PROVIDED DATA
# # #
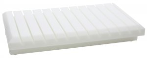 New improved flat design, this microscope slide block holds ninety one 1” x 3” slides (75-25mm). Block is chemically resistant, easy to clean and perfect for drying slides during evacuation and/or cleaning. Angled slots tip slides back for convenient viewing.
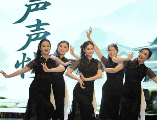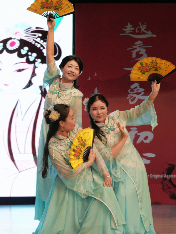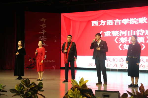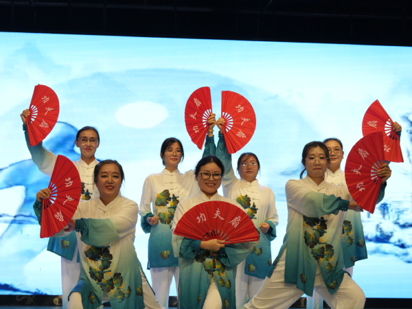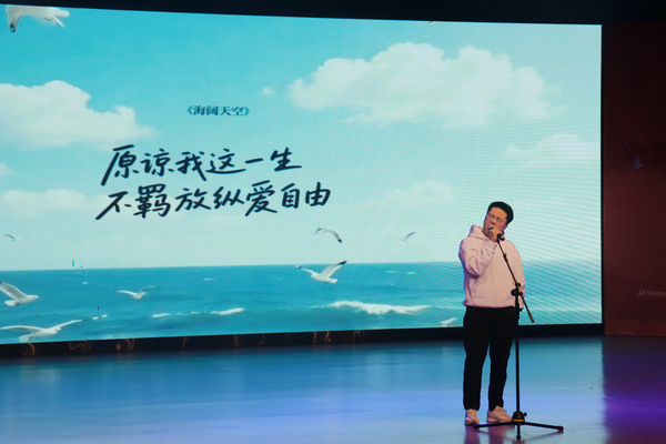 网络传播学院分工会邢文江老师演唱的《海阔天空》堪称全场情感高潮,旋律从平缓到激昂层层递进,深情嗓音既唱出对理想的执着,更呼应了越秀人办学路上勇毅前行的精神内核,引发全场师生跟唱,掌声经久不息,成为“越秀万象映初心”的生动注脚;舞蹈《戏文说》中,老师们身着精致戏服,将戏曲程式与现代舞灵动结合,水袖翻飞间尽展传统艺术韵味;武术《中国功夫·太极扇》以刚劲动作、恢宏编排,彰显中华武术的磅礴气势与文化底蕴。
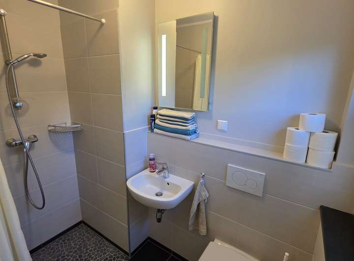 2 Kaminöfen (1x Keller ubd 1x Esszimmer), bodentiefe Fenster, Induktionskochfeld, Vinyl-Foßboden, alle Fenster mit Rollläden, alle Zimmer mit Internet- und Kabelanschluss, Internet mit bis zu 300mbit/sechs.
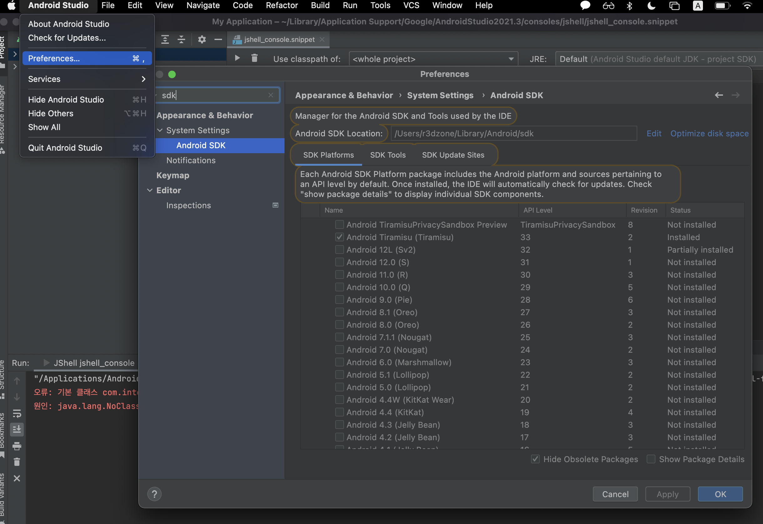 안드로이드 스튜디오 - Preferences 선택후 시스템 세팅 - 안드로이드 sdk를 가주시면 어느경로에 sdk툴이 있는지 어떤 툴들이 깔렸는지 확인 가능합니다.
# # #
DIRECTIONS
Return every line of the data above exactly, and omit all pictures.

EXERCISE ANSWER
 New improved flat design, this microscope slide block holds ninety one 1” x 3” slides (75-25mm). Block is chemically resistant, easy to clean and perfect for drying slides during evacuation and/or cleaning. Angled slots tip slides back for convenient viewing.
 网络传播学院分工会邢文江老师演唱的《海阔天空》堪称全场情感高潮,旋律从平缓到激昂层层递进,深情嗓音既唱出对理想的执着,更呼应了越秀人办学路上勇毅前行的精神内核,引发全场师生跟唱,掌声经久不息,成为“越秀万象映初心”的生动注脚;舞蹈《戏文说》中,老师们身着精致戏服,将戏曲程式与现代舞灵动结合,水袖翻飞间尽展传统艺术韵味;武术《中国功夫·太极扇》以刚劲动作、恢宏编排,彰显中华武术的磅礴气势与文化底蕴。
 2 Kaminöfen (1x Keller ubd 1x Esszimmer), bodentiefe Fenster, Induktionskochfeld, Vinyl-Foßboden, alle Fenster mit Rollläden, alle Zimmer mit Internet- und Kabelanschluss, Internet mit bis zu 300mbit/sechs.
 안드로이드 스튜디오 - Preferences 선택후 시스템 세팅 - 안드로이드 sdk를 가주시면 어느경로에 sdk툴이 있는지 어떤 툴들이 깔렸는지 확인 가능합니다.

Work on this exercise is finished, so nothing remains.